Sinéad O’Connor ist seit ihrem ersten Aufschlag in der Öffentlichkeit stets mehr gewesen als einfach nur eine Sängerin. 1987 sorgt sie mit dem Video zu ihrer Debütsingle „Mandinka“ für Aufsehen: Eine kahl geschorene Sängerin, die erkennbar auf Krawall aus ist, fällt sofort auf. Wenn sie nun, mit nur 54 Jahren, ihren Rückzug vom Musikgeschäft ankündigt, heißt das keineswegs, dass sie deswegen aus der Öffentlichkeit verschwindet. Die notorische Skandalnudel beteuerte zwar einmal, es sei keine Absicht, dass sie immer so viel Ärger verursache, aber sie hat sich seit 30 Jahren eben auch nie Mühe gegeben, keinen zu verursachen.
Gleich nach dem weltweiten Durchbruch mit ihrer Version der Prince-Ballade „Nothing compares to you“ im Jahr 1990 tut sie buchstäblich alles, um anders zu sein. Die Welt ist verzaubert von der bildhübschen Sängerin mit der seelenvollen Stimme, aber O’Connor will genau so nicht wahrgenommen werden: als adrettes Popsternchen. Bei ihrem ersten Auftritt in den USA gelingt es ihr, das gesamte Land gegen sich aufzubringen, als sie sich weigert, vor ihrem Konzert die US-Hymne abspielen zu lassen, wie es Sitte ist. Die Künstlerin setzt ihren Kopf durch, verärgert aber die Mächtigen des US-Showgeschäfts. O’Connor freilich hält das nicht davon ab, gleich für noch mehr Stunk zu sorgen: In einer US-amerikanischen Fernsehsendung zerreißt sie das Foto des Papstes als Ausdruck des Protests gegen dessen Haltung zur Abtreibung – und weil sie die katholische Kirche allgemein nicht recht leiden kann. In den bigotten USA ein Affront, dessen Folgen sie bald zu spüren bekommt: Auf der Bühne wird sie feindselig ausgebuht, von Bob-Dylan-Fans übrigens, um die Sache noch bizarrer zu machen. Die Irin veröffentlicht weiter Musik, die auch recht ordentlich über die Theken geht, aber in der Öffentlichkeit dominiert das Bild einer unberechenbaren und labilen Person. 1996 lässt sie sich zur Priesterin der apostolischen Kirche Irlands weihen und schwört der „weltlichen“ Musik ab.
Natürlich macht sie danach doch wieder profanen Pop, zwischendurch lässt sie sich regelmäßig scheiden, manchmal schon nach zwei Wochen Ehe und verstört mit verlässlicher Konstanz durch irrlichterende Aussagen. Im Jahr 2003 verkündet sie erstmals ihr Karriereende und feiert in der Folge ein recht erfolgreiches Comeback – zwischendrin sucht sie per Annonce einen Partner.

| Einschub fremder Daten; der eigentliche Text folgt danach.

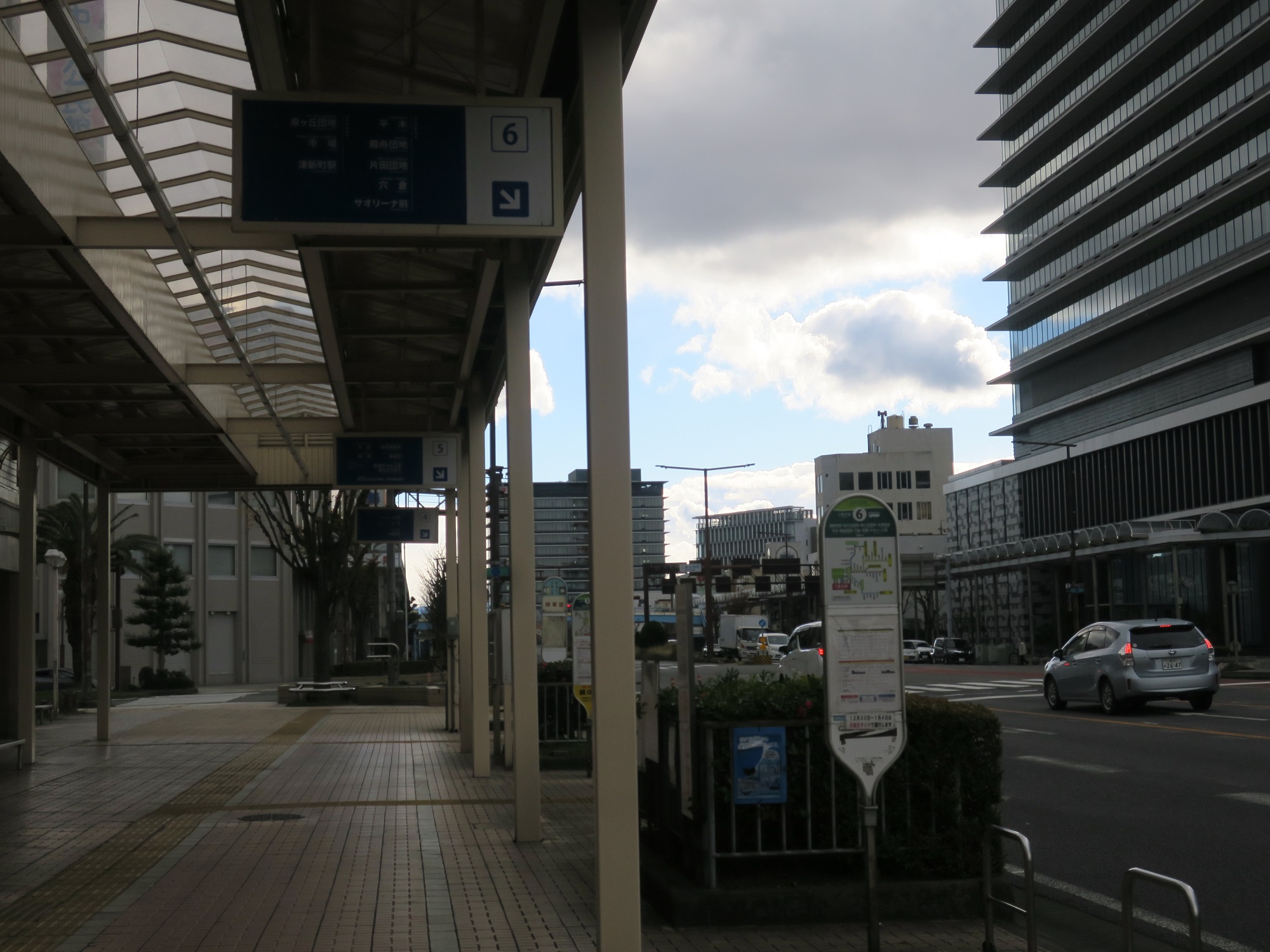 でもって、こちらが津新町駅方面に行くバス乗り場です。三重会館の中に、三重交通の切符売り場があります。
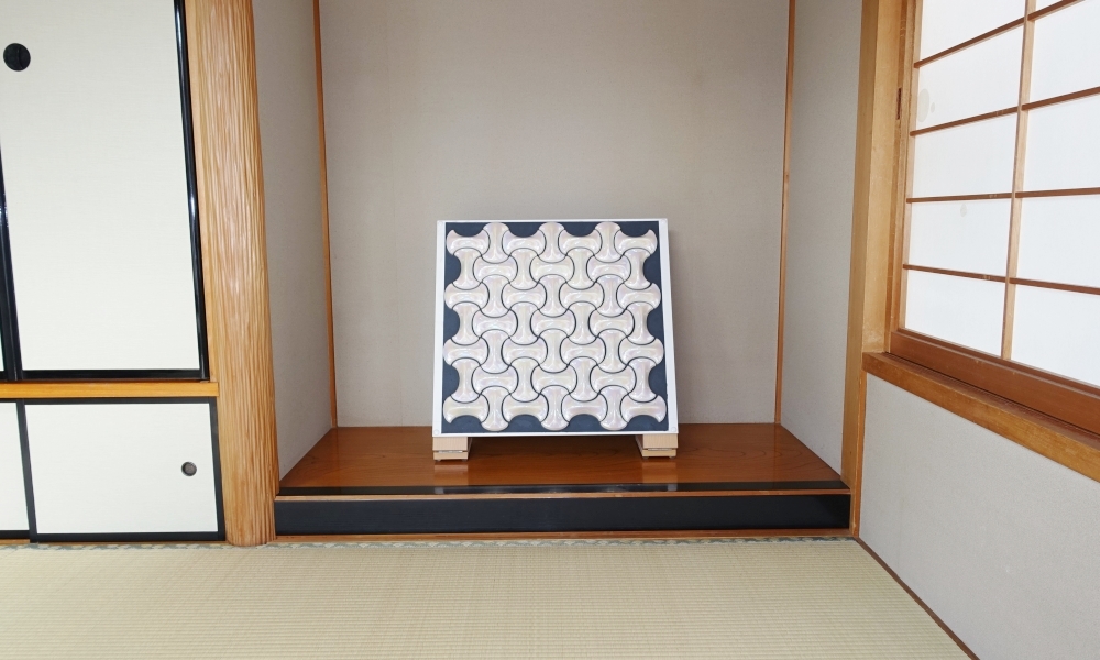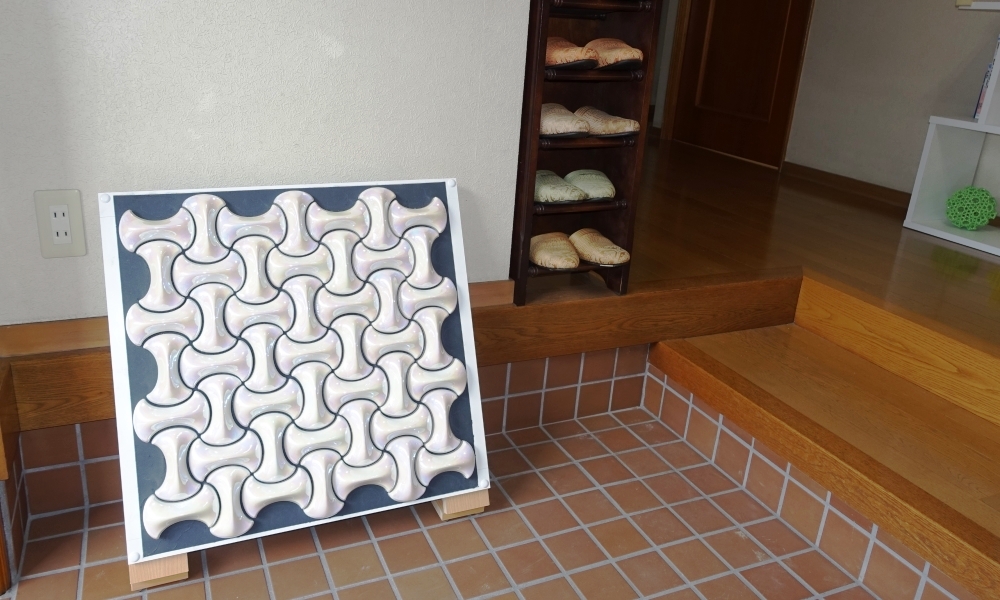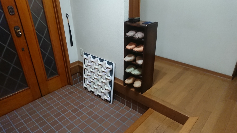 (15)玄関に仮置きした、タイルパネル(別角度) |
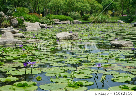 タイの自然、公園の庭園、睡蓮の池と花、ラマ9世公園
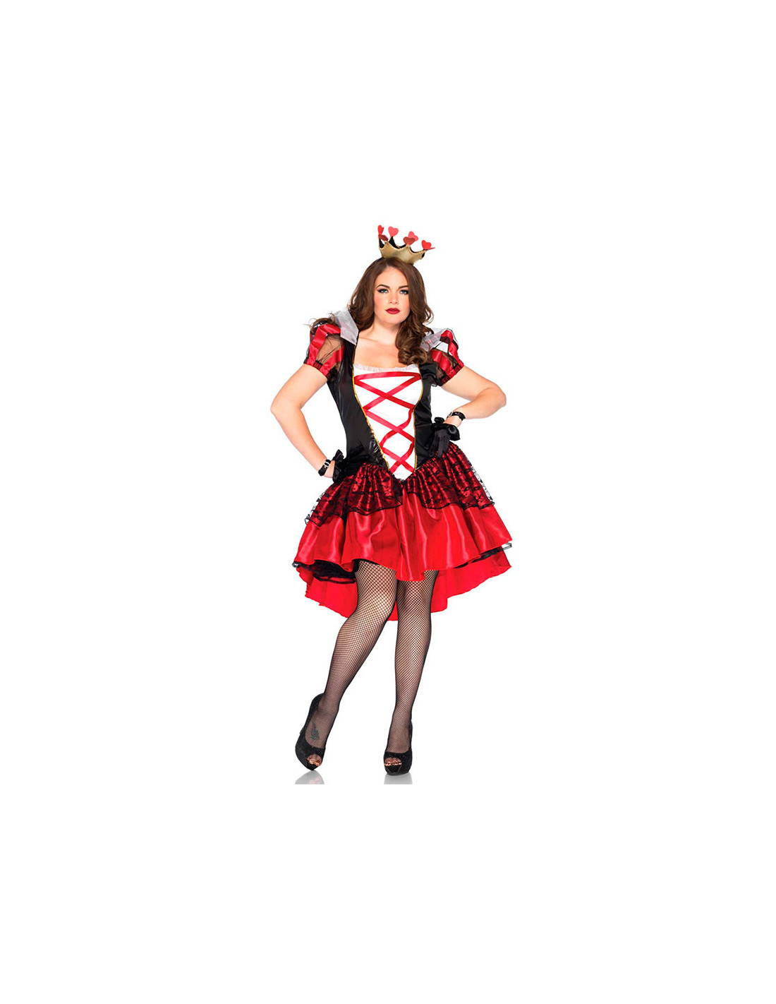 Precioso Disfraz Reina Roja talla grande al que no le falta detalle. Desprende elegancia y un toque picante con este disfraz de Reina de Corazones.
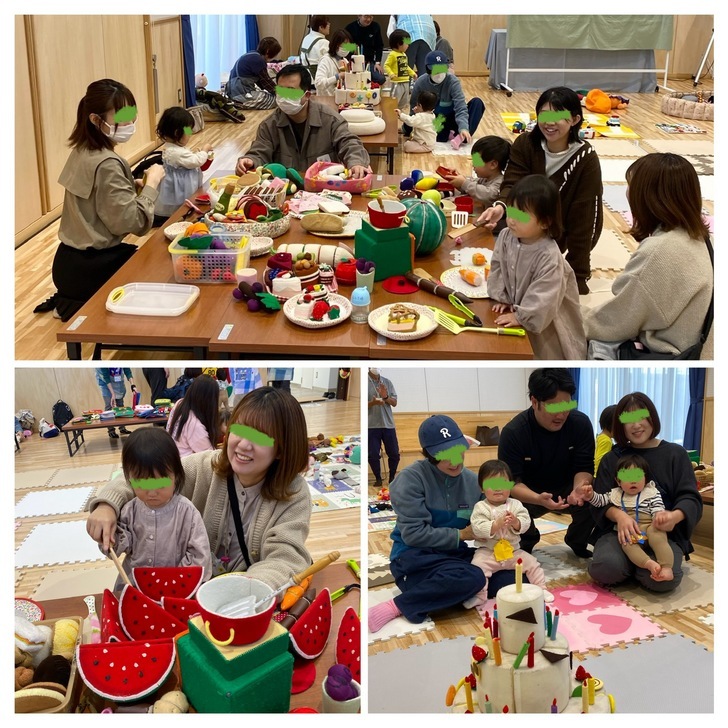 11月二回目の、公民館とのコラボ企画で「おはなしワニーズさん」をお招きして、おはなし会と手作りおもちゃで遊ぼう 手作りの絵本や布おもちゃは、どれもクオリティが高く素晴らしい作品ばかりで、ママたちも感動していました 時間があっという間に経ってしまい、もっと遊びたかったね〜 11月12月のお誕生会は、大きなケーキの前でおめでとうと祝ってもらって、うれしかったですね 次回のるんるんは、 サンタさんもプレゼントを持ってきてくれますよ〜🎅 お友達を誘って遊びに来てくださいね |
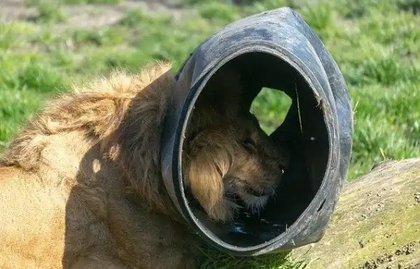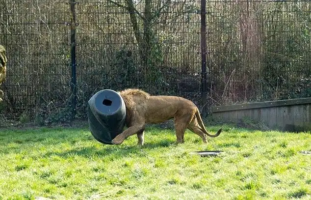 Сотрудники голландского зоопарка складывают еду для львов в бочки, чтобы сымитировать трудности, с которыми сталкиваются животные в дикой природе во время охоты. Однако, в природе пластиковых бочек не бывает, поэтому лев, чья голова застряла в дырке, пришел в полное замешательство. Он начал просто нарезать круги по вольеру, в то время как его сотоварищи пристально за ним наблюдали. В итоге льва удалось освободить из западни работникам зоопарка - животное никоим образом не пострадало.
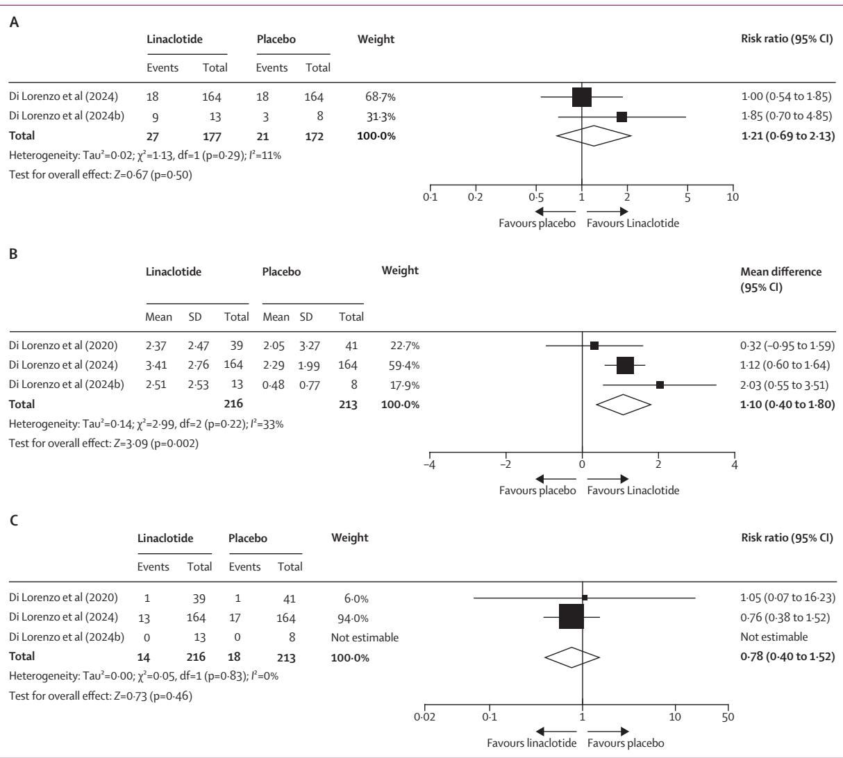 如图[4]所示,我们需要从两个维度来审视这种药物的表现。首先看图[4]的 A 部分,这是关于“治疗成功率”的统计。菱形图标横跨了无效线(RR 1.21, 95% CI 0.69–2.13),这意味着在统计学上,我们无法断定利那洛肽在实现整体“治疗成功”方面显著优于安慰剂。这听起来令人沮丧,对吧?
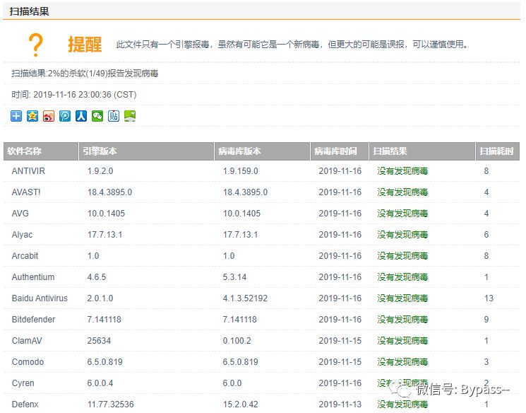 扫描结果:47款杀毒引擎中,只有一个引擎报毒,主流的杀毒软件全部绕过。网站地址:http://www.virscan.org
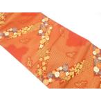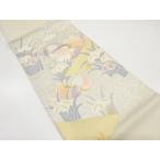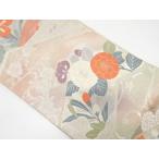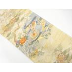 袋帯 名品 琳派歌仙献上文 八つ橋 花鳥 金銀糸 箔 薄オレンジ 六通 正絹 中古
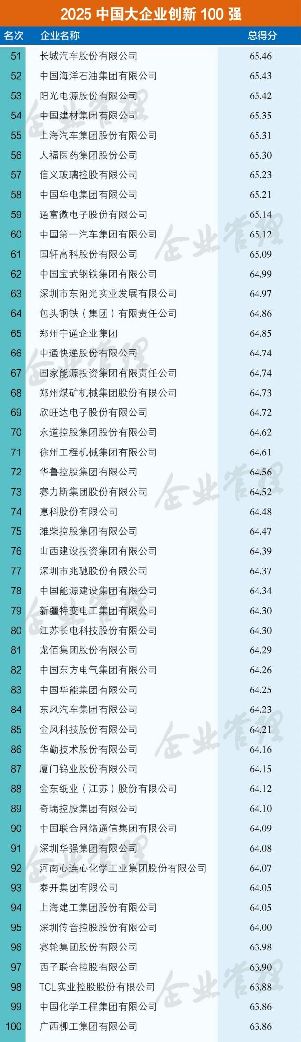 上证报中国证券网讯(记者 王墨璞嘉)9月15日,中国企业联合会、中国企业家协会发布“2025中国大企业创新100强”名单。
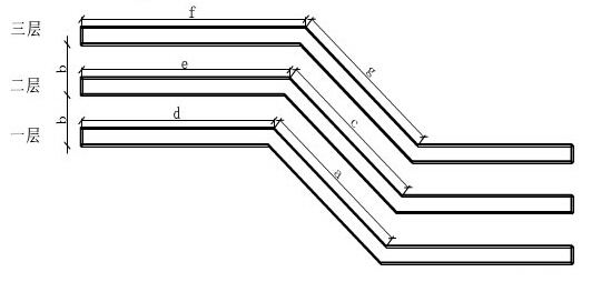 第一層兩個彎頭的做法同“一”中彎頭的做法,兩個彎頭間距a值由現場確定,但需滿足電纜彎曲半徑的要求。
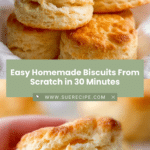 These Easy Homemade Biscuits are fluffy, buttery, and perfect for any meal. Made from scratch with simple ingredients like all-purpose flour, baking powder, and cold butter, these biscuits bake quickly to golden perfection and are brushed with melted butter for a delicious finish. Ideal for breakfast, lunch, or dinner, these biscuits are a comforting classic everyone will love.
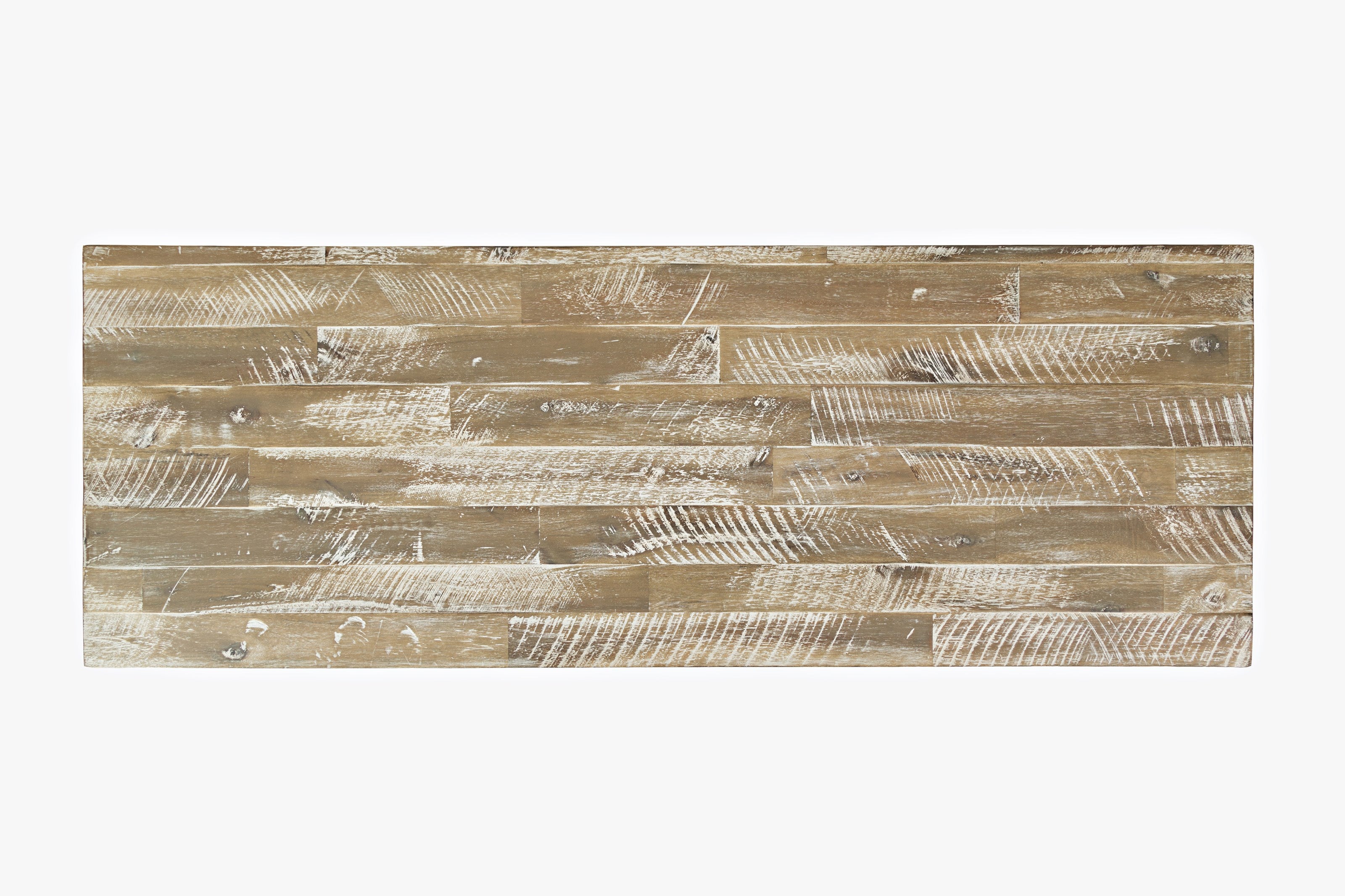 Benzara Wooden Sofa Table With Three Drawers And Two Open Shelves , Washed Gray
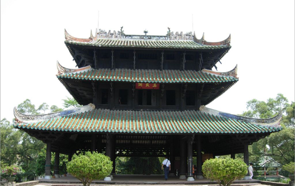真武阁,全阁为杠杆式纯木结构,通高13.2米,面宽13.8米,进深11.2米,全阁不用一件铁器,用近3000条格木构件,以杠杆结构原理,串联吻合,彼此扶持,互相制约,合理协调组成一个优美稳固的统一整体。二层楼的四根大内柱,虽承受上层楼板、梁架、配柱和阁瓦、脊饰的沉重荷载,柱脚却悬空不落地,是全阁结构中最精巧、最奇特的部分。它依靠杠杆原理,像天秤一样维持整座建筑的平衡。真武阁结构之奇巧,举世无双。400多年来,真武阁经历了5次地震,3次特大台风,仍安然无恙。真武阁被誉为“天南杰构”,与岳阳楼、黄鹤楼、滕王阁合称江南四大名楼,是唯一一座没有进行重建而完整保留至今的四大名楼。
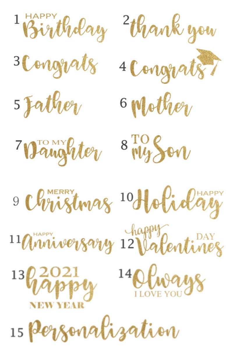 8.7" x 6" x 2.8" (22cm x 15cm x 7cm) Kraft paper window box with a beautiful glitter gold wording of your choice.
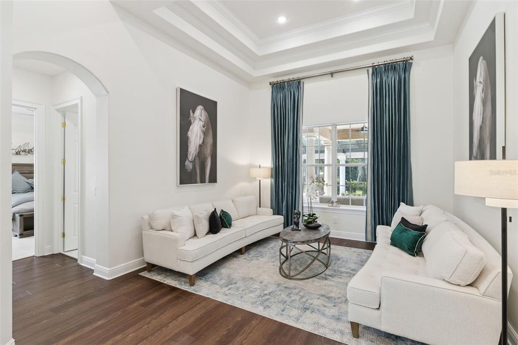 Built-in Features, Ceiling Fan(s), Crown Molding, Eating Space In Kitchen, High Ceilings, Kitchen/Family Room Combo, Primary Bedroom Main Floor, Solid Surface Counters, Solid Wood Cabinets, Split Bedroom, Thermostat, Tray Ceiling(s), Walk-In Closet(s), Window Treatments

Die psychischen Probleme nehmen im Lauf der Jahre zu, Platten-Veröffentlichungen und Tourneen müssen gelegentlich verschoben werden, die Fans machen sich – nicht völlig zu Unrecht – Sorgen um die Frau, die immer mit dem Kopf durch die Wand will. Nun zieht O’Connor also die Notbremse, ganz zur Ruhe setzen will sie sich freilich nicht. Patin in einer Castingshow, das wäre eine schöne Betätigung, für die sie nun ausreichend Zeit hätte, lässt sie wissen. Es wird spannend bleiben mit dieser Frau.